=== Section Start ===
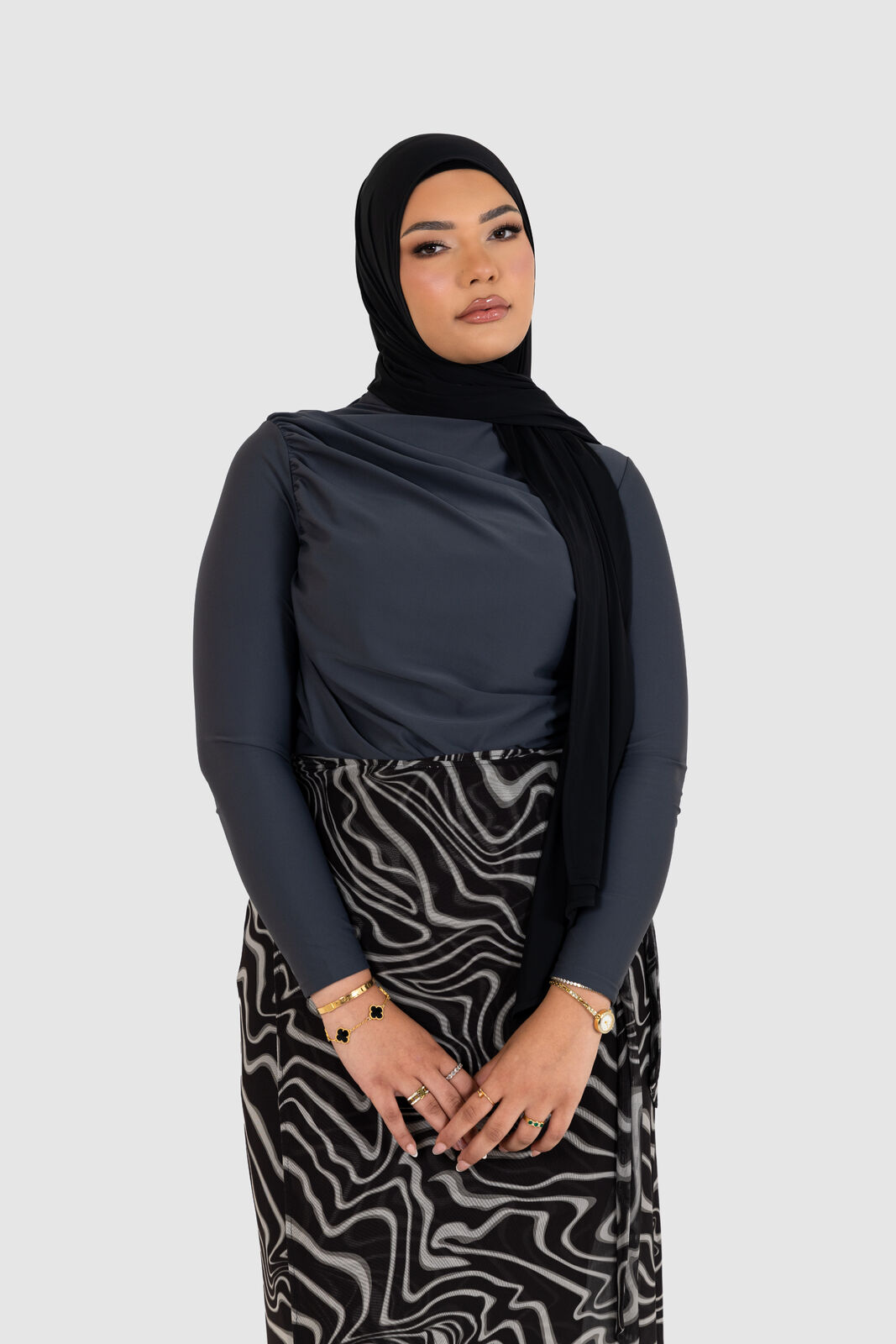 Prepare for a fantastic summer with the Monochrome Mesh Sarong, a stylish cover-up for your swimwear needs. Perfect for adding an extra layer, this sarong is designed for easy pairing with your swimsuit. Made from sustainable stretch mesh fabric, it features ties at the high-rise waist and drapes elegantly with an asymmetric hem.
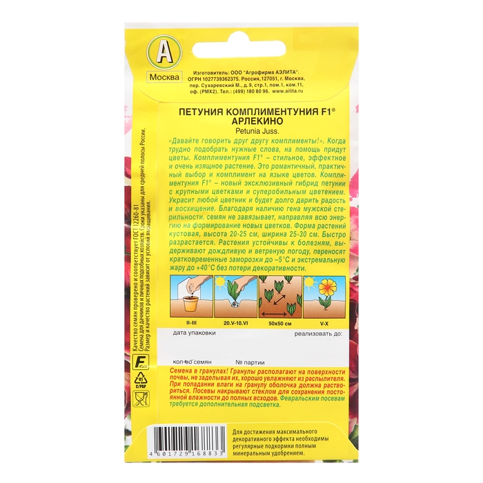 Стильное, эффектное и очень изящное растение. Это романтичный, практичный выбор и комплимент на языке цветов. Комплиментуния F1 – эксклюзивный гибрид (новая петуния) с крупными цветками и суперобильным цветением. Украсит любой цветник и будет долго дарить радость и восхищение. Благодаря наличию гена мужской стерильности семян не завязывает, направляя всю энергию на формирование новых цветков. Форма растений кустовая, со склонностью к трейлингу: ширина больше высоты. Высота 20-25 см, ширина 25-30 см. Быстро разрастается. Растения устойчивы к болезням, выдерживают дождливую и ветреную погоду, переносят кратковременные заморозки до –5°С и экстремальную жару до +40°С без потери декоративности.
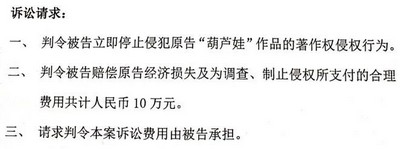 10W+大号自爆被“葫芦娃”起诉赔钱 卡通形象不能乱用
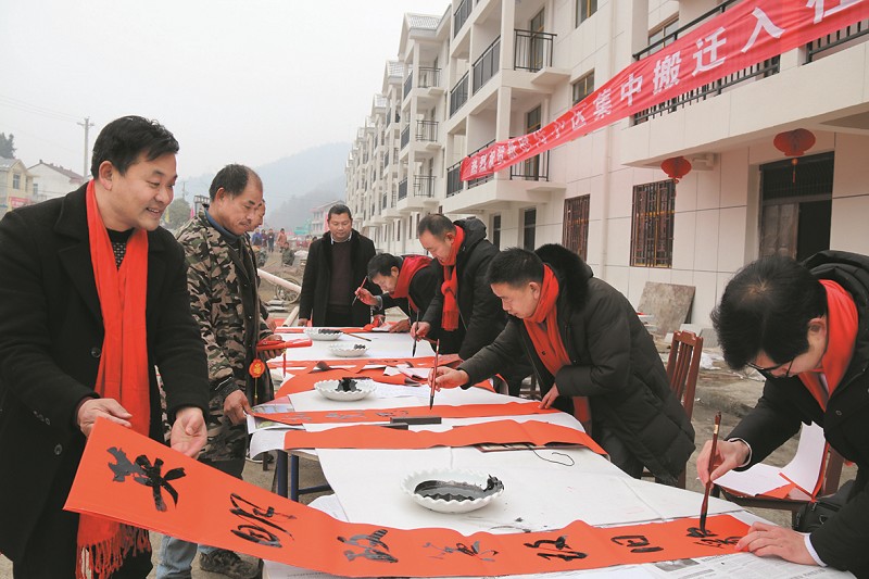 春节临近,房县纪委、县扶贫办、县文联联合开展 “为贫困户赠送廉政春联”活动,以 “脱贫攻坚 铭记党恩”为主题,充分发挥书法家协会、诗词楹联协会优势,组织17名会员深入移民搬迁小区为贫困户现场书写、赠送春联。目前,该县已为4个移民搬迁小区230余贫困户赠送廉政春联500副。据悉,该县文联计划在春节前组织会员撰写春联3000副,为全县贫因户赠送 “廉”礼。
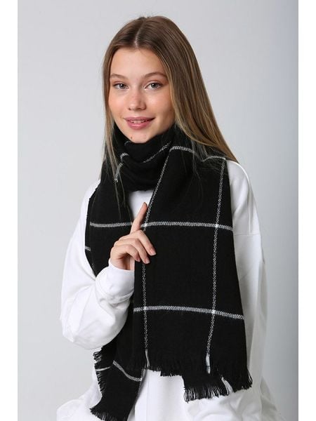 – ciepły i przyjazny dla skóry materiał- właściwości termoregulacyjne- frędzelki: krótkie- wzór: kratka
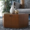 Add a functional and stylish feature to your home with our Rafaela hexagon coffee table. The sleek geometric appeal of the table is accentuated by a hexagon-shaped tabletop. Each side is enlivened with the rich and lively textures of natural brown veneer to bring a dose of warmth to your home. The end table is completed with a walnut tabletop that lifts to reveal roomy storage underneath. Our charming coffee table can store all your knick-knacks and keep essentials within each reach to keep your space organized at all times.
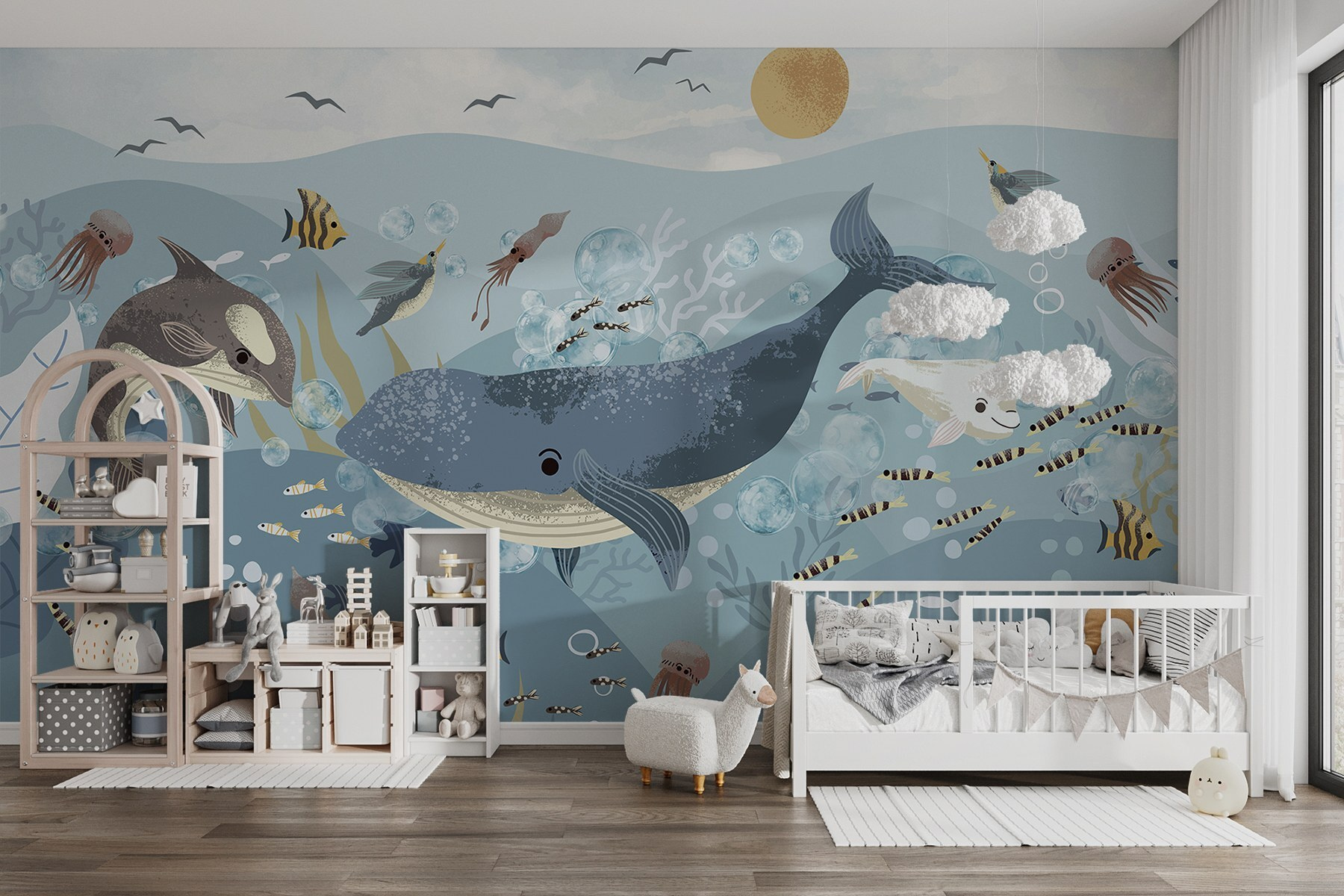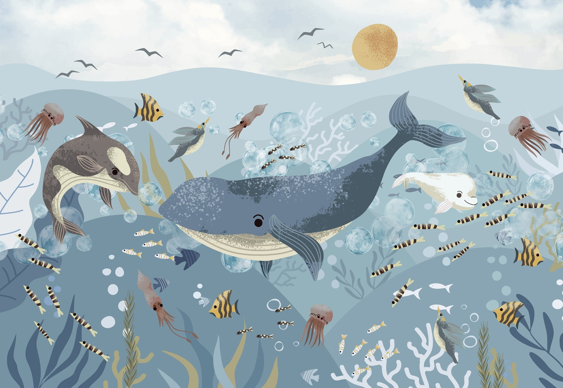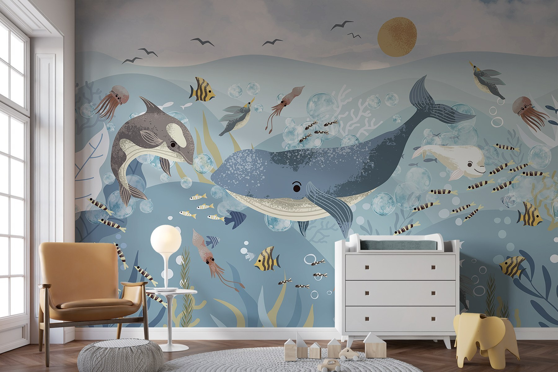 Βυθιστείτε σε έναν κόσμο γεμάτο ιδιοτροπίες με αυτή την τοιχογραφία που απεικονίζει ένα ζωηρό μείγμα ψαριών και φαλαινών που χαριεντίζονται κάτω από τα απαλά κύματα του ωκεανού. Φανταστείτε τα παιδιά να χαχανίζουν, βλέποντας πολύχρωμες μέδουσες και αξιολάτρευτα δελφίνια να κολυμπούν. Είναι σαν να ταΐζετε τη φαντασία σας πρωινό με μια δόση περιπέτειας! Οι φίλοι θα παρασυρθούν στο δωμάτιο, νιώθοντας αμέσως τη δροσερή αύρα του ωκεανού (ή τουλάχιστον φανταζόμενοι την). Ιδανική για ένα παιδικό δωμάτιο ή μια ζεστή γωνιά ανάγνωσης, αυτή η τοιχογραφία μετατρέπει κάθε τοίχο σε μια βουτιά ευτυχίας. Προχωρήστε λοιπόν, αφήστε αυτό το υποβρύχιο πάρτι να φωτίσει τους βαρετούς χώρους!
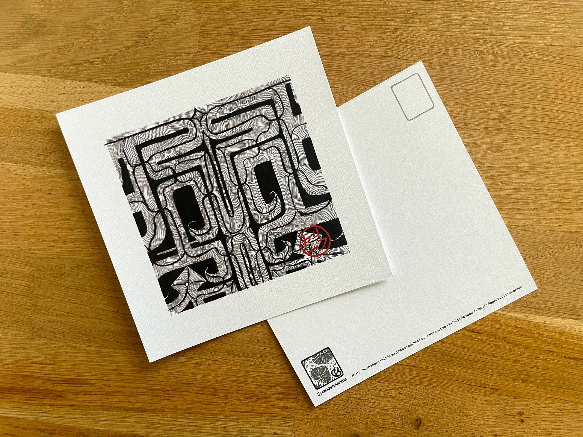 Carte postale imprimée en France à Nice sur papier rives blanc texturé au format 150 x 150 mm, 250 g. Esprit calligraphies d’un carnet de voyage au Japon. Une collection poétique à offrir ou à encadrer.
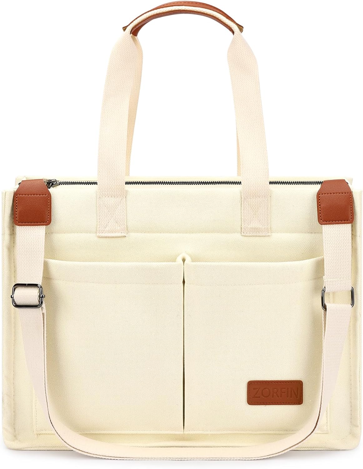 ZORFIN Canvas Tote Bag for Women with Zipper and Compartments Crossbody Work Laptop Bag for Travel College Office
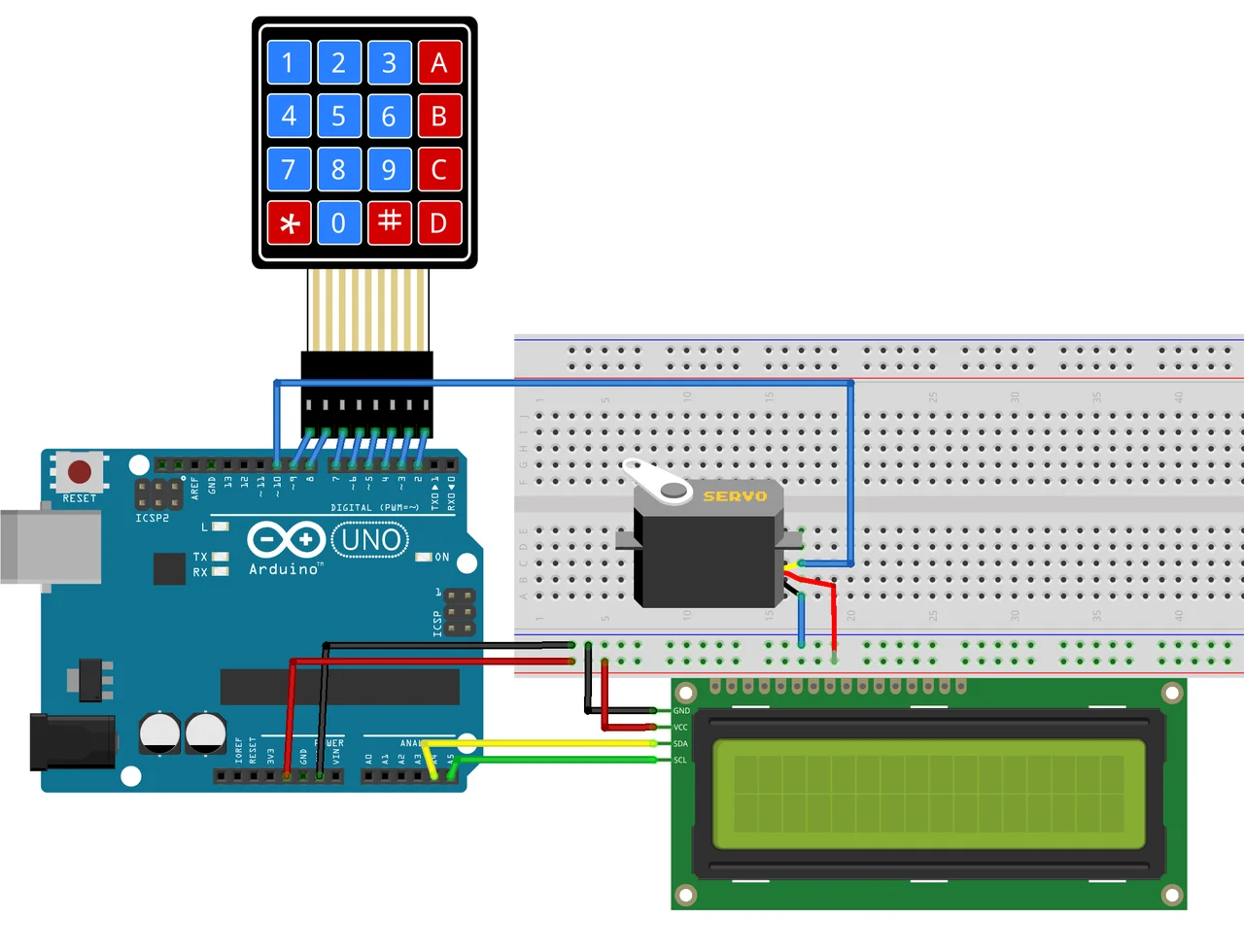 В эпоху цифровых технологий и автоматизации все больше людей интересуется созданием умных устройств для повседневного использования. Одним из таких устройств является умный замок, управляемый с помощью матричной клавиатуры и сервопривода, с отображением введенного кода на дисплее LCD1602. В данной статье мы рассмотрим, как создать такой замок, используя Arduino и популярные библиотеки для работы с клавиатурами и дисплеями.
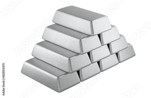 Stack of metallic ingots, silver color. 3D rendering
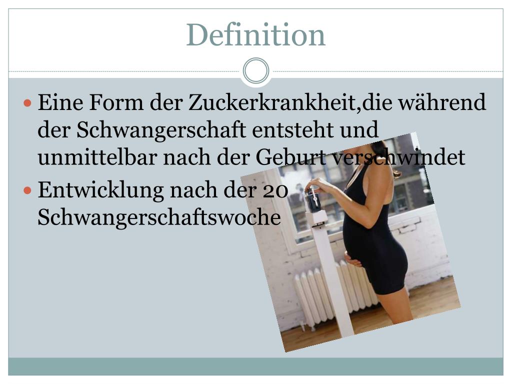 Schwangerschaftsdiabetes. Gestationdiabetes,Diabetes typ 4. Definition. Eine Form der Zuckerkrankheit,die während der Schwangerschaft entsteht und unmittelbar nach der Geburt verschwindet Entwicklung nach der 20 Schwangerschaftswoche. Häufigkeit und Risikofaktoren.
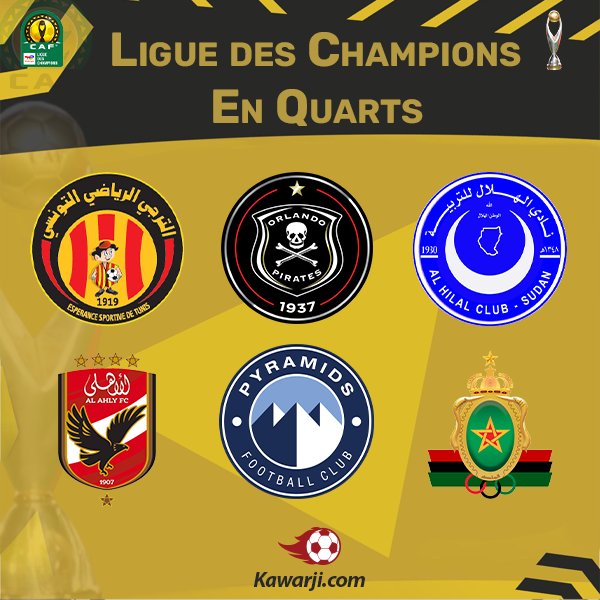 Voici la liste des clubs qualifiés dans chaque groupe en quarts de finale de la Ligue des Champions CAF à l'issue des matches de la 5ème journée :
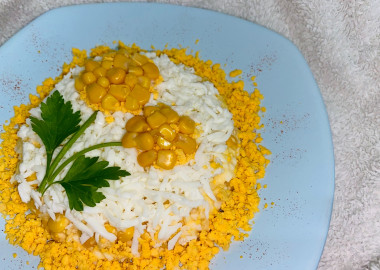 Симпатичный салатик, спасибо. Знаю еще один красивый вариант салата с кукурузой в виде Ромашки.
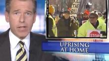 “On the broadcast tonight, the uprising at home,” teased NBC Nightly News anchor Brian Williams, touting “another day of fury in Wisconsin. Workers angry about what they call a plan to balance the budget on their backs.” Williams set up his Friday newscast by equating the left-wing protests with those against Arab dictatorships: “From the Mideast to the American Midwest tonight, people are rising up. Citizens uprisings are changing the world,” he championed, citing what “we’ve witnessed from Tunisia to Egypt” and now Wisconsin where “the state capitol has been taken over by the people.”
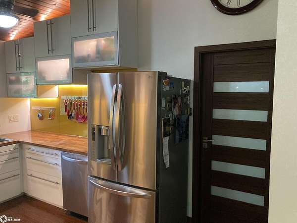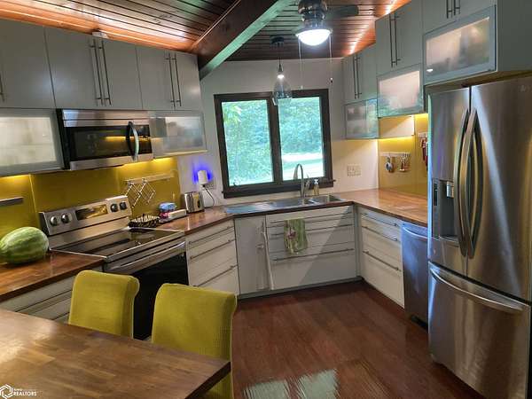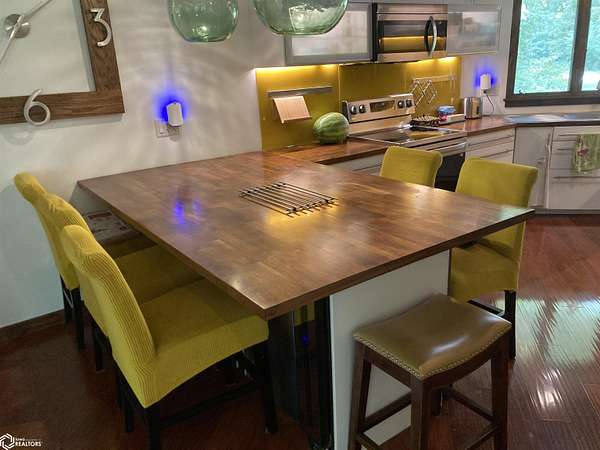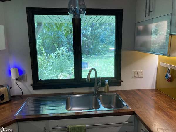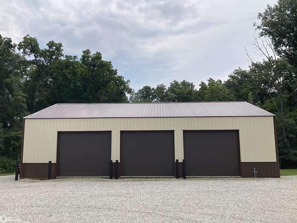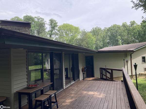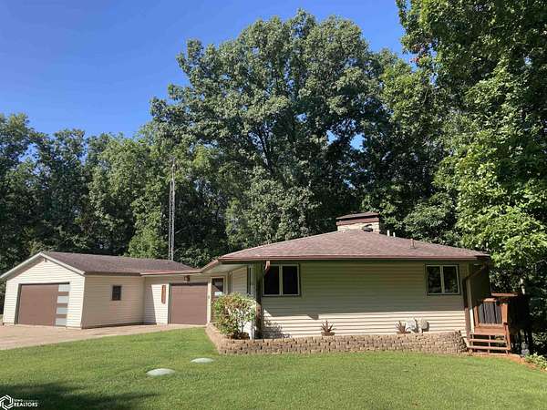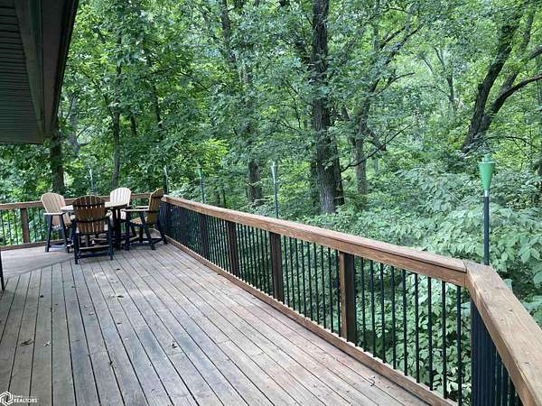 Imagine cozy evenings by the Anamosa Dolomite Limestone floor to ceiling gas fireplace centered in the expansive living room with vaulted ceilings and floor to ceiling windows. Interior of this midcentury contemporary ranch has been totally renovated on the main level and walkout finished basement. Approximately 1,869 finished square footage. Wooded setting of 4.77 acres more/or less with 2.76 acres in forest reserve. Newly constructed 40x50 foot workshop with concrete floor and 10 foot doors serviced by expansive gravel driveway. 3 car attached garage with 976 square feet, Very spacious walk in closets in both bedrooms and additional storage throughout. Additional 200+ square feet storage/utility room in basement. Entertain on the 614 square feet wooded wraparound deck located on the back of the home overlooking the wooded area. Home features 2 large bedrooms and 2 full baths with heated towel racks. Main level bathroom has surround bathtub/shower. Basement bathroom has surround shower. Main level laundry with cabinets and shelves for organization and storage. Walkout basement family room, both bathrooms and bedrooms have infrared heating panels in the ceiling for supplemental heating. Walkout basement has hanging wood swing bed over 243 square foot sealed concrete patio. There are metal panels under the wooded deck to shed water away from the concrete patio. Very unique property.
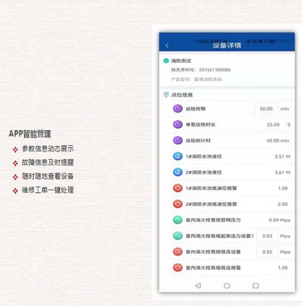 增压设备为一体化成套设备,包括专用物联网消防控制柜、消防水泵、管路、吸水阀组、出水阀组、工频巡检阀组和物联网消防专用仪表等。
=== Section End ===
(WHAT IS EXPECTED) In the listing above, find the line with "В эпоху цифровых" and the line with "Симпатичный салатик, спасибо.". Set down both and every line between them, minus the pictures.

(RESULT OF THIS EXERCISE)
 В эпоху цифровых технологий и автоматизации все больше людей интересуется созданием умных устройств для повседневного использования. Одним из таких устройств является умный замок, управляемый с помощью матричной клавиатуры и сервопривода, с отображением введенного кода на дисплее LCD1602. В данной статье мы рассмотрим, как создать такой замок, используя Arduino и популярные библиотеки для работы с клавиатурами и дисплеями.
 Stack of metallic ingots, silver color. 3D rendering
 Schwangerschaftsdiabetes. Gestationdiabetes,Diabetes typ 4. Definition. Eine Form der Zuckerkrankheit,die während der Schwangerschaft entsteht und unmittelbar nach der Geburt verschwindet Entwicklung nach der 20 Schwangerschaftswoche. Häufigkeit und Risikofaktoren.
 Voici la liste des clubs qualifiés dans chaque groupe en quarts de finale de la Ligue des Champions CAF à l'issue des matches de la 5ème journée :
 Симпатичный салатик, спасибо. Знаю еще один красивый вариант салата с кукурузой в виде Ромашки.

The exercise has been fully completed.